How to do Image Recognition

covering the topics

what is a correlation
doing a correlation
scripting a correlation
optical correlaters

What is a Correlation

You probably know that a 2 dimensional correlation amounts pretty much to sliding an one image over another and plotting the amount of overlap of the images as a value to be plotted at the shift position. The convolution is the same thing with one of the images rotated 180° before doing the correlation. To actually cary out such a correlation it is handy do the job with Fourier transforms. To correlate an image A with image B, one multiplies the Fourier transform of one F(A) times the inverse Fourier transform of the other F(B) and finally taking the inverse transform of the result.

A collection of binary files containing the upper case letters have been put in a folder called "Tutorial files". These letters were created in AppleWorks drawing document using Helvetica type face and 48 font size. These were clipped one at a time and pasted into a CoherentOptics document (128 size) and saved as "lettersUC#1" to "lettersUC#26".

Doing a correlation

If we were to correlate a "P" (#16) with an "R" (#18) we could do the following.

Open document window in 128 size, and then click Binary file in the lower left corner. Now find "letterUC#16" and load it. Next click the enter 1-0 button to place the image into the big array. Click the Fourier button. At this point we should save the file. Select save Big File from the file menu, and name the file something like "P Fourier". Now load the binary file "letterUC#18" enter it and click the inv-Fourier button. Now go to the Combine menu and select big array x big file. In the dialog select the file you just saved. now click invFourier to see the result.

Notice that the histogram shows that the peak value is around 2.84 in some units.

You could have skipped saving the "P fourier" file by clipping ( C) the big file then loading the R and using invFourier as before. Now you can multiply what you see by the clipboard by using ( M) and then using invFourier again as before. Look on the Edit menu for these functions.

It is instructive to look at the 3-D plot (either on the Goodies menu or use G) plotting with the default setting gives the following.

The correlation of P with itself has a peak value only slightly higher at 3.0. While the correlation of R with itself is 3.73. The R has more area.

Scripting a correlation

This script will produce the same series of steps provided you set up the dialogs in five of the icons. Starting from the start icon the next icon needs to load "letterUC#16". The next icon needing information is the clip. Set it to clip to data connection and big array. The following blue icon should load "letterUC#18". Set the next clip icon to paste with a data connection the Big Array and using Multiply Big Array. The last icon can be set to the default settings. When you click on start you will see two more dialogs select NO just once.

 

The first clip icon
dialog

The second clip icon
dialog

 

Optical Correlators

All of this can be done at the speed of light by just shining light through some appropriate masks and lenses.

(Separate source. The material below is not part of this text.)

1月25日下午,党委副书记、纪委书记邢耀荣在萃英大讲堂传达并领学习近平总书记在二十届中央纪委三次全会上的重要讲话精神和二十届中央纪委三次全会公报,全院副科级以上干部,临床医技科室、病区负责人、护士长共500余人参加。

The arrangement above is a minimum schematic of an optical correlator. What is actually on each of the planes is not defined in the diagram. The Fourier transform lenses are ordinary lenses used so that the distance to the two planes on either side is just the focal length of the lens (not the distance to form an image). The letter P plane for example could actually be a transparency of the letter P. The center plane could also be a transparency of the Fourier transform of the letter R perhaps printed from the output of this program. Which raises the issue of what to put on the transparency.

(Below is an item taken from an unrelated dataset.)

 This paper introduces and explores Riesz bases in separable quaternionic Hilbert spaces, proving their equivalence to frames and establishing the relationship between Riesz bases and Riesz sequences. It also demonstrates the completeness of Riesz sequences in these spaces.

One could put the real part as gray scale, the real part as black and white, the magnitude, the binarized phase on the transparency.

If you were to use the real part it would be wise to take the inverse transform of the real part of a transform of the letter R so that we can see what it is with which we are correlating. If you can make the real part by setting the imaginary part to zero. You see that you are actually correlating with both an R and an upside down R.

There are more difficulties (such a defining the zero level) to be overcome in the lab, but this is a start.